── Entries provided ──

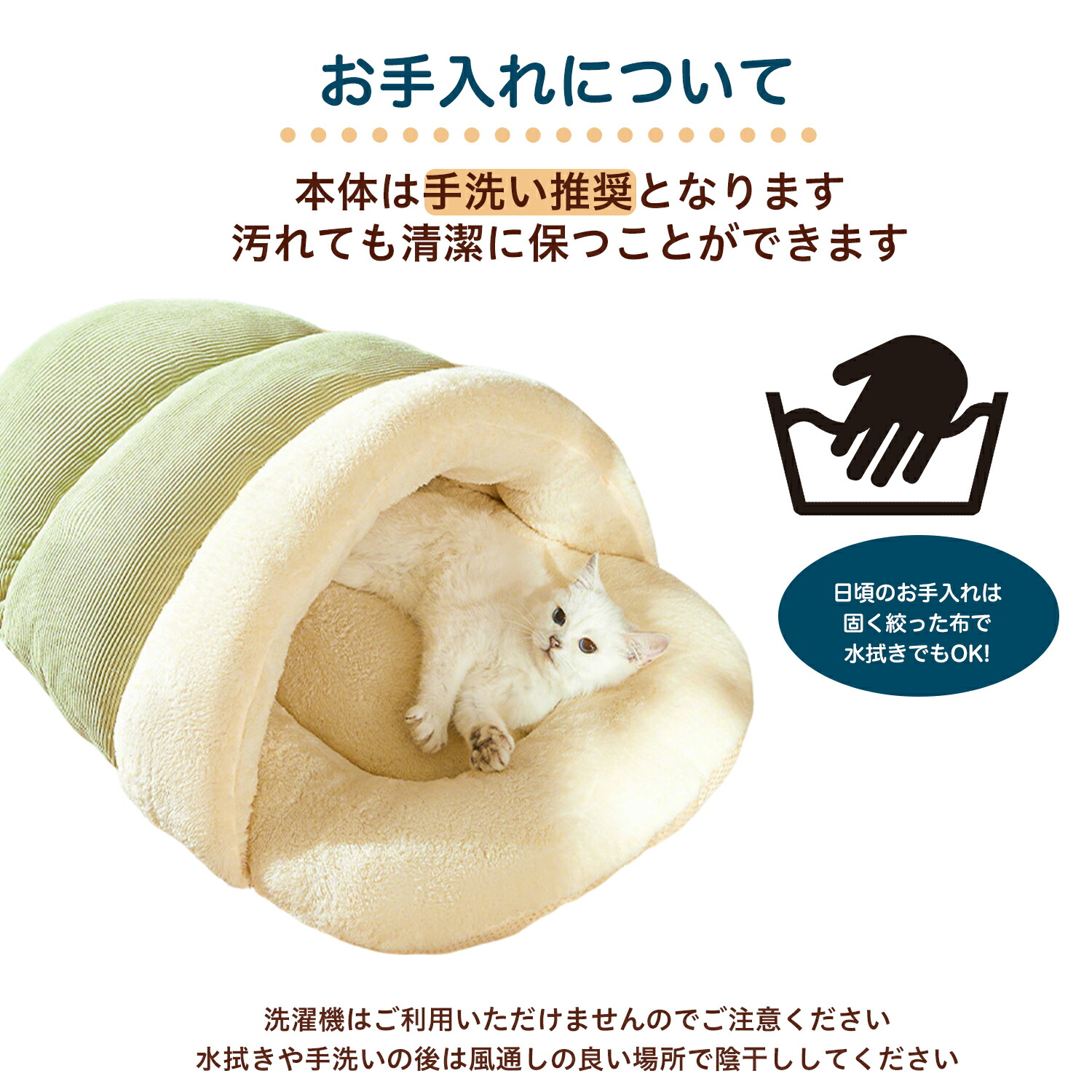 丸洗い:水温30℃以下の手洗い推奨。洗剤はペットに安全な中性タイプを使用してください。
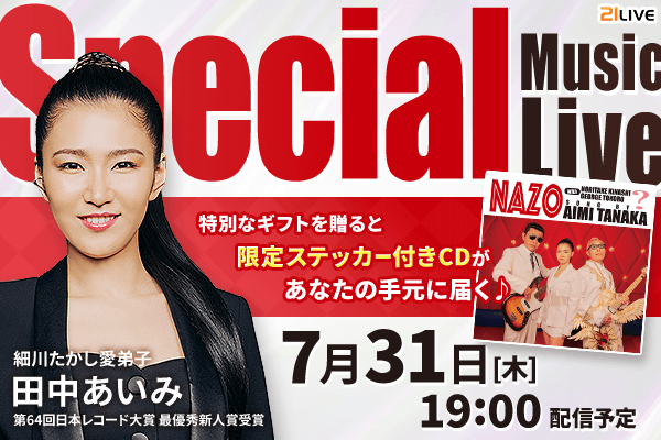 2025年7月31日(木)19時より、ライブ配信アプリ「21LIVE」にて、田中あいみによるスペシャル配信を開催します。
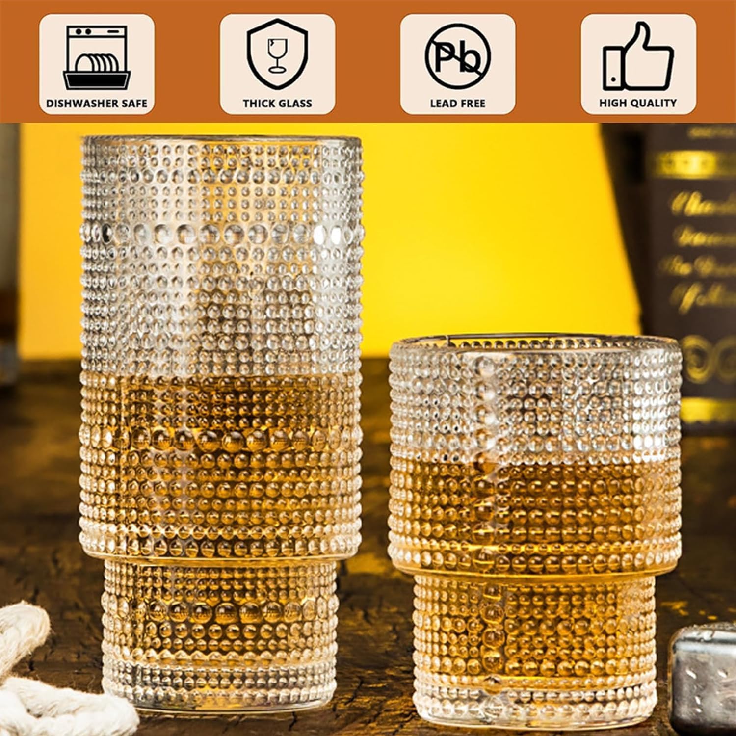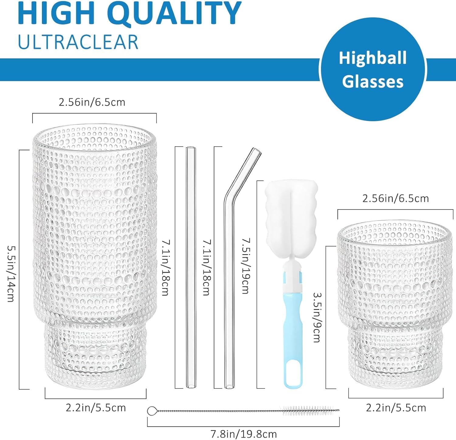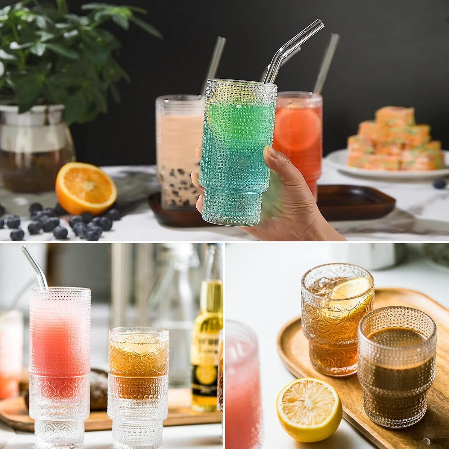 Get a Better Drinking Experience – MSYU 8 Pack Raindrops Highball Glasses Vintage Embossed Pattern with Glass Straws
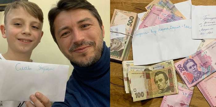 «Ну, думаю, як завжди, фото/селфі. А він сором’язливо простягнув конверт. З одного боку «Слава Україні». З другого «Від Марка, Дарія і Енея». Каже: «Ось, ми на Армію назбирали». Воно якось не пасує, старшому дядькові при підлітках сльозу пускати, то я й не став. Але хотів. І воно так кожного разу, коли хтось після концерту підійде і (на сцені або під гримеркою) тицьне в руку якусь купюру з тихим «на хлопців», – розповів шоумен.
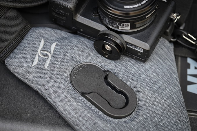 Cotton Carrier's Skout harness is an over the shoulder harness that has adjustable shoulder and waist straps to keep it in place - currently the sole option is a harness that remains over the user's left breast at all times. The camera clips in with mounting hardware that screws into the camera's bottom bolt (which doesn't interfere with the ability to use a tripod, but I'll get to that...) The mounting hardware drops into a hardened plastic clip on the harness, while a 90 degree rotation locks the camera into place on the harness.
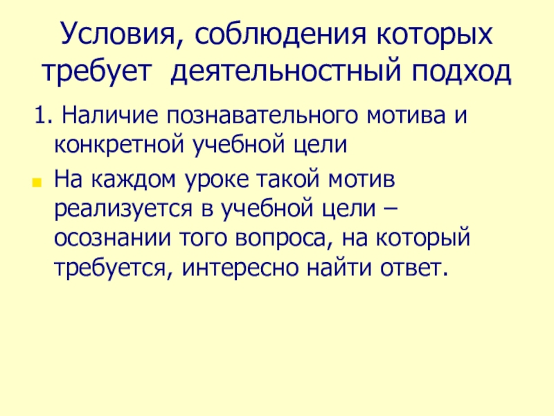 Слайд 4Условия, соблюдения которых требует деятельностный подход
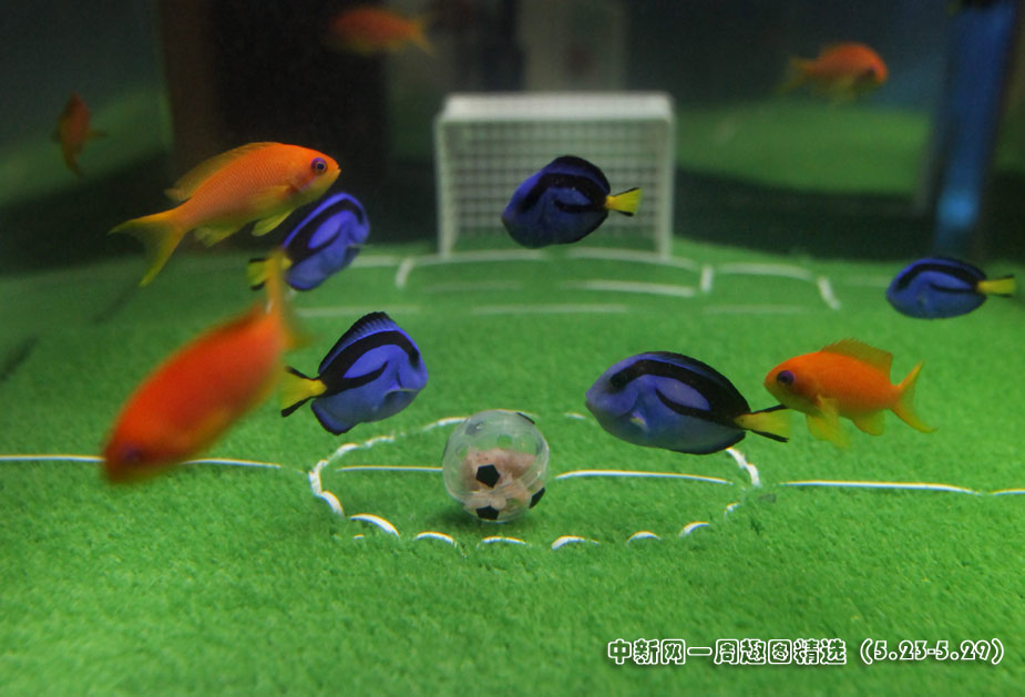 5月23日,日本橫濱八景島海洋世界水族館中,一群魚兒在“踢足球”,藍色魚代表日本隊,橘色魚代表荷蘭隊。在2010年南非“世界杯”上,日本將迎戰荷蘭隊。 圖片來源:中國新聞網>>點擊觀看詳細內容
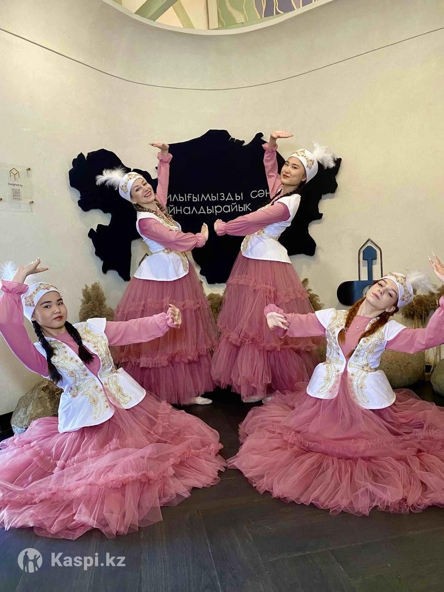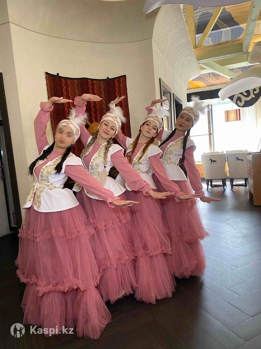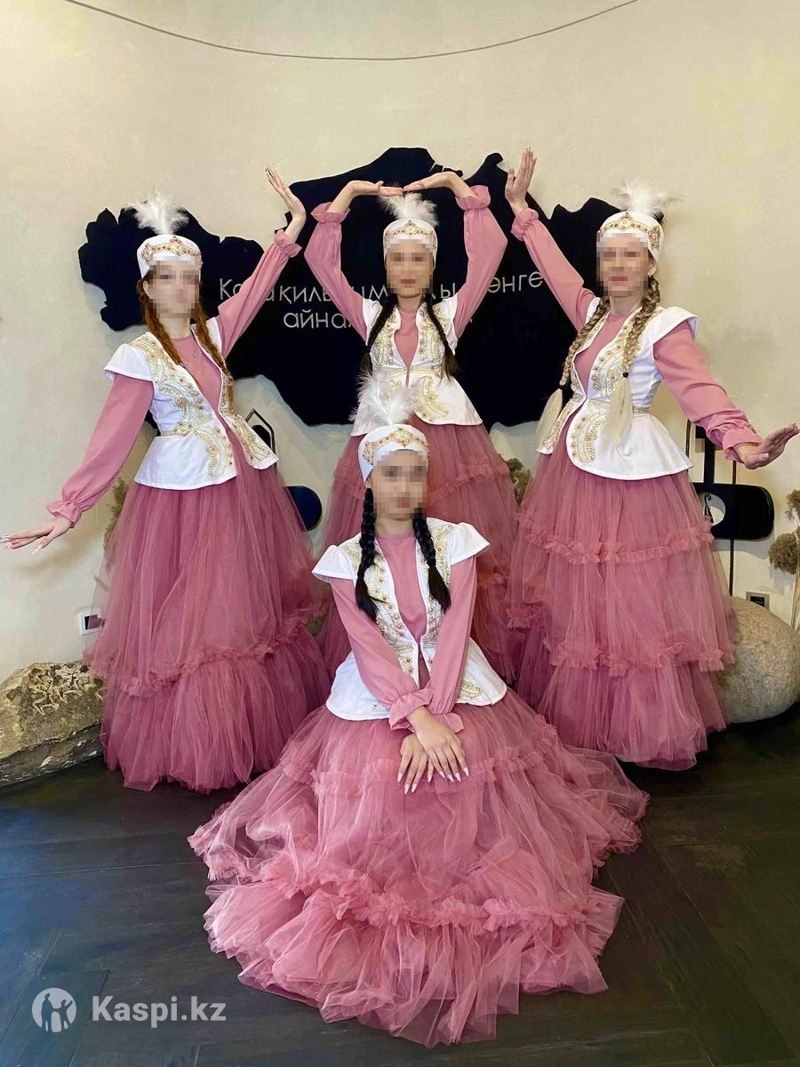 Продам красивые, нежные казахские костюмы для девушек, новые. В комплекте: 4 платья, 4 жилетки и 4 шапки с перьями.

───

Work instructions -> Pictures do not belong in the copy. Reproduce the rest of the data exactly.

Output ->
 丸洗い:水温30℃以下の手洗い推奨。洗剤はペットに安全な中性タイプを使用してください。
 2025年7月31日(木)19時より、ライブ配信アプリ「21LIVE」にて、田中あいみによるスペシャル配信を開催します。
 Get a Better Drinking Experience – MSYU 8 Pack Raindrops Highball Glasses Vintage Embossed Pattern with Glass Straws
 «Ну, думаю, як завжди, фото/селфі. А він сором’язливо простягнув конверт. З одного боку «Слава Україні». З другого «Від Марка, Дарія і Енея». Каже: «Ось, ми на Армію назбирали». Воно якось не пасує, старшому дядькові при підлітках сльозу пускати, то я й не став. Але хотів. І воно так кожного разу, коли хтось після концерту підійде і (на сцені або під гримеркою) тицьне в руку якусь купюру з тихим «на хлопців», – розповів шоумен.
 Cotton Carrier's Skout harness is an over the shoulder harness that has adjustable shoulder and waist straps to keep it in place - currently the sole option is a harness that remains over the user's left breast at all times. The camera clips in with mounting hardware that screws into the camera's bottom bolt (which doesn't interfere with the ability to use a tripod, but I'll get to that...) The mounting hardware drops into a hardened plastic clip on the harness, while a 90 degree rotation locks the camera into place on the harness.
 Слайд 4Условия, соблюдения которых требует деятельностный подход
 5月23日,日本橫濱八景島海洋世界水族館中,一群魚兒在“踢足球”,藍色魚代表日本隊,橘色魚代表荷蘭隊。在2010年南非“世界杯”上,日本將迎戰荷蘭隊。 圖片來源:中國新聞網>>點擊觀看詳細內容
 Продам красивые, нежные казахские костюмы для девушек, новые. В комплекте: 4 платья, 4 жилетки и 4 шапки с перьями.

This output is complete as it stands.